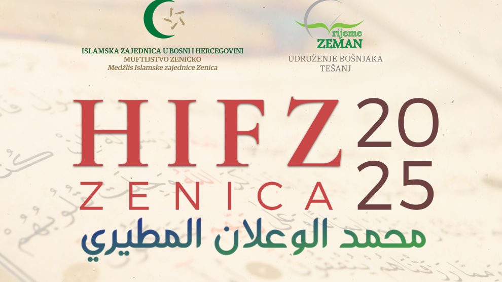 Medžlis Islamske zajednice Zenica i Udruženje Bošnjaka “Vrijeme-Zeman” Tešanj, organizuju nagradno takmičenje u učenju Kur’ana napamet – Hifz Zenica 2025. Takmičenje će biti održano 20. decembra 2025. godine a svečano proglašenje pobjednika 27. decembra 2025. godine. Takmičenje se...
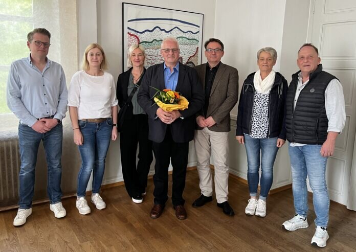 Nach fast 28 Jahren bei der Stadt Michelstadt verabschiedet sich das Veranstaltungs-Urgestein in die Altersteilzeit. Bürgermeister Dr. Tobias Robischon, Hauptamtsleiter Matthias Nowak, Kulturamtsleiter Heinz Seitz, Personalratsvertreterin Sandra Reubold und seinen Kolleginnen aus dem Kulturamt Natalie Dengler und Sabine Schuhmann verabschiedeten Engelter.
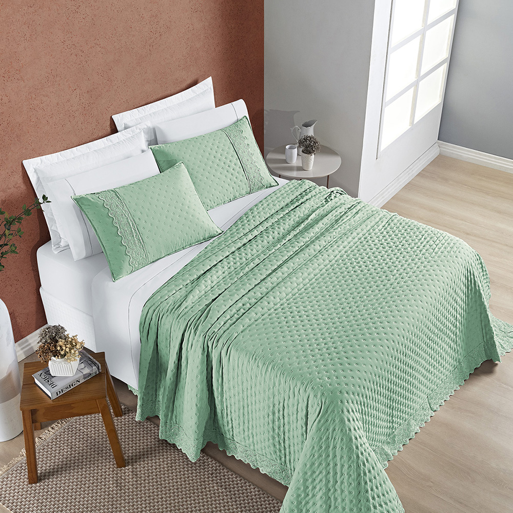Confeccionado no tecido Micropercal 200 fios esse produto é extremamente macio com toque aveludado, igualzinho cama de hotel. Além disso conta com lindos detalhes em matelassê e bordado inglês trazendo muita sofisticação e beleza ao produto.
========================================
Word for word, write out the whole listing, keeping none of the pictures.

**TASK RESPONSE**
 Medžlis Islamske zajednice Zenica i Udruženje Bošnjaka “Vrijeme-Zeman” Tešanj, organizuju nagradno takmičenje u učenju Kur’ana napamet – Hifz Zenica 2025. Takmičenje će biti održano 20. decembra 2025. godine a svečano proglašenje pobjednika 27. decembra 2025. godine. Takmičenje se...
 Nach fast 28 Jahren bei der Stadt Michelstadt verabschiedet sich das Veranstaltungs-Urgestein in die Altersteilzeit. Bürgermeister Dr. Tobias Robischon, Hauptamtsleiter Matthias Nowak, Kulturamtsleiter Heinz Seitz, Personalratsvertreterin Sandra Reubold und seinen Kolleginnen aus dem Kulturamt Natalie Dengler und Sabine Schuhmann verabschiedeten Engelter.
Confeccionado no tecido Micropercal 200 fios esse produto é extremamente macio com toque aveludado, igualzinho cama de hotel. Além disso conta com lindos detalhes em matelassê e bordado inglês trazendo muita sofisticação e beleza ao produto.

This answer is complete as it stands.